Directed Domain Fine-Tuning: Tailoring Separate Modalities for Specific Training Tasks

Daniel Wen,Nafisa Hussain
2024-06-24
Abstract:Large language models (LLMs) and large visual language models (LVLMs) have been at the forefront of the artificial intelligence field, particularly for tasks like text generation, video captioning, and question-answering. Typically, it is more applicable to train these models on broader knowledge bases or datasets to increase generalizability, learn relationships between topics, and recognize patterns. Instead, we propose to provide instructional datasets specific to the task of each modality within a distinct domain and then fine-tune the parameters of the model using LORA. With our approach, we can eliminate all noise irrelevant to the given task while also ensuring that the model generates with enhanced precision. For this work, we use Video-LLaVA to generate recipes given cooking videos without transcripts. Video-LLaVA's multimodal architecture allows us to provide cooking images to its image encoder, cooking videos to its video encoder, and general cooking questions to its text encoder. Thus, we aim to remove all noise unrelated to cooking while improving our model's capabilities to generate specific ingredient lists and detailed instructions. As a result, our approach to fine-tuning Video-LLaVA leads to gains over the baseline Video-LLaVA by 2% on the YouCook2 dataset. While this may seem like a marginal increase, our model trains on an image instruction dataset 2.5% the size of Video-LLaVA's and a video instruction dataset 23.76% of Video-LLaVA's.
Computer Vision and Pattern Recognition,Artificial Intelligence
What problem does this paper attempt to address?

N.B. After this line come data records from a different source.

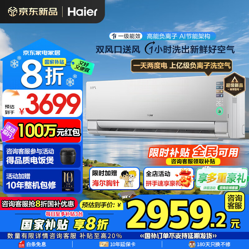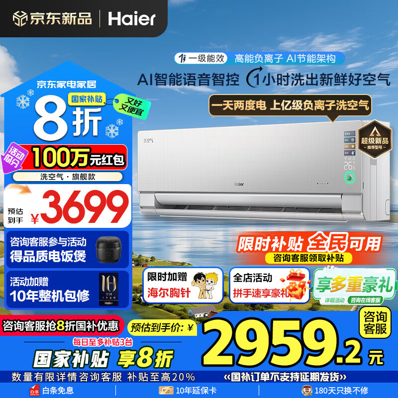 海尔空调洗空气Max 1.5匹新一级变频冷暖卧室壁挂式声源定位送风 聚合双向风智能语音 高能负离子除醛 1.5匹 一级能效 洗空气+智能语音+除空气污染物
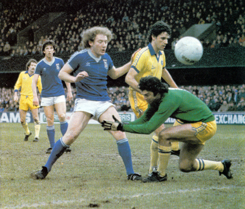 Peter Ward, a constant danger with his sharp running and turning, was brought down just outside the Ipswich area. Horton and O’Sullivan combined to find a promising gap for Williams to aim at but as the Brighton man was about to shoot he found the referee blocking his way.
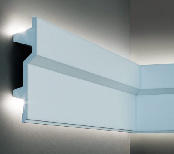 La cornisa para iluminación LED oculta KF707, fabricada con material Polyforce, es una solución moderna para interiores. Gracias a sus propiedades, es ligera y resistente a la humedad y a los rayos UV, lo que garantiza su larga vida útil y una fácil instalación.
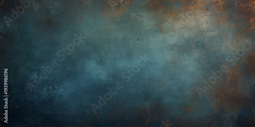 A dark vintage blue grunge background featuring an aged wall texture with smoke and fog patterns on a dirty metal surface illustration
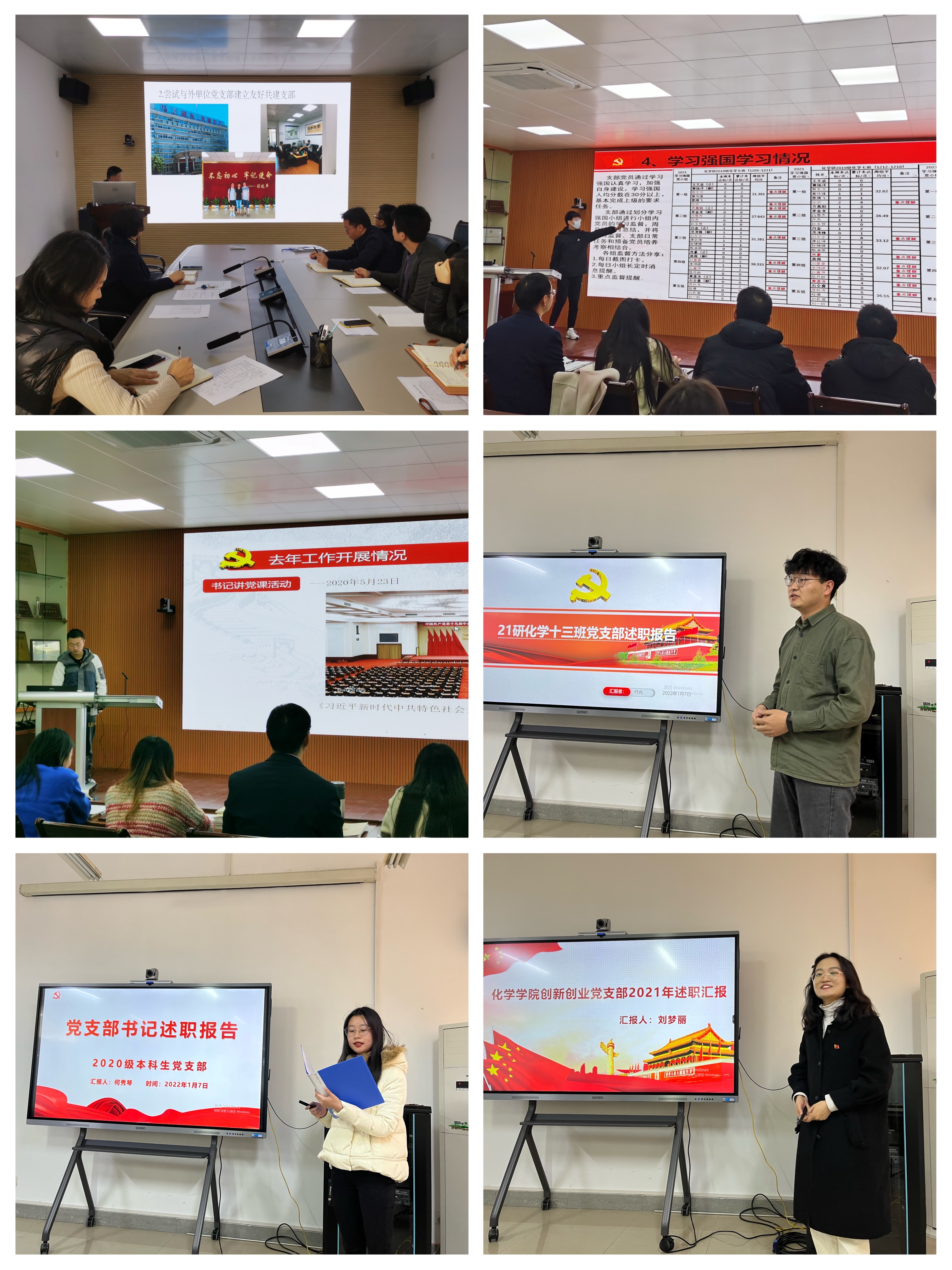 本年度学院师生党支部书记述职考核由书面述职、查阅材料、现场述职、考核评议等部分组成。现场述职会上,8位教工党支部书记和48位学生党支部书记围绕履职尽责情况、支部建设情况、党日活动开展情况、存在问题和未来展望等方面进行展示汇报,全面回顾各支部2021年度开展工作的亮点成效及存在的不足,并提出2022年的工作计划。
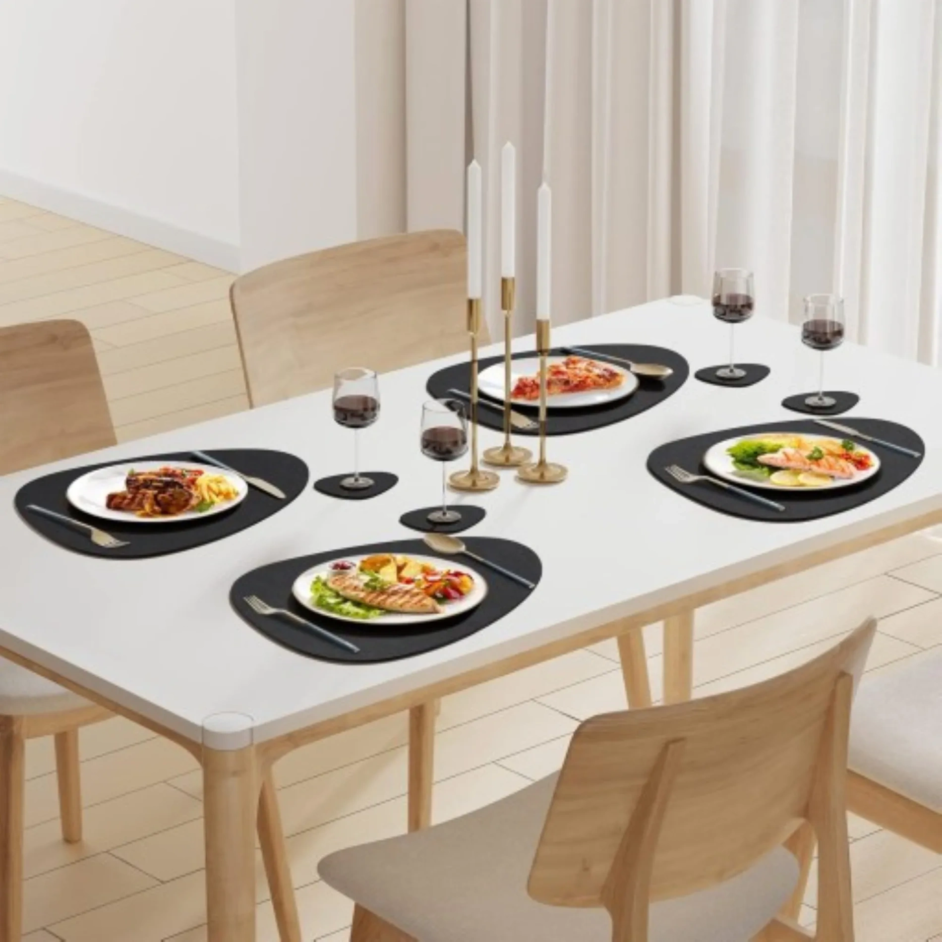 Zestaw wodoodpornych podkładek na stół – elegancka ochrona powierzchni podczas posiłków.

The paper attempts to address the problem of generating precise step-by-step recipes from cooking videos. Specifically, the authors propose a novel approach to optimize Large Vision-Language Models (LVLM) through Directed Domain Fine-Tuning, enabling them to generate detailed ingredient lists and step-by-step instructions from cooking videos that do not contain subtitles or audio information. They utilized the Video-LLaVA model and conducted task-specific dataset training for three modalities: images, videos, and text, to enhance the model's performance in the cooking domain. Experimental results show that the fine-tuned model improved accuracy by 2% on the YouCook2 dataset compared to the base version of Video-LLaVA, despite using a much smaller amount of training data than the base model. This method aims to reduce irrelevant noise and improve the relevance and accuracy of the generated content.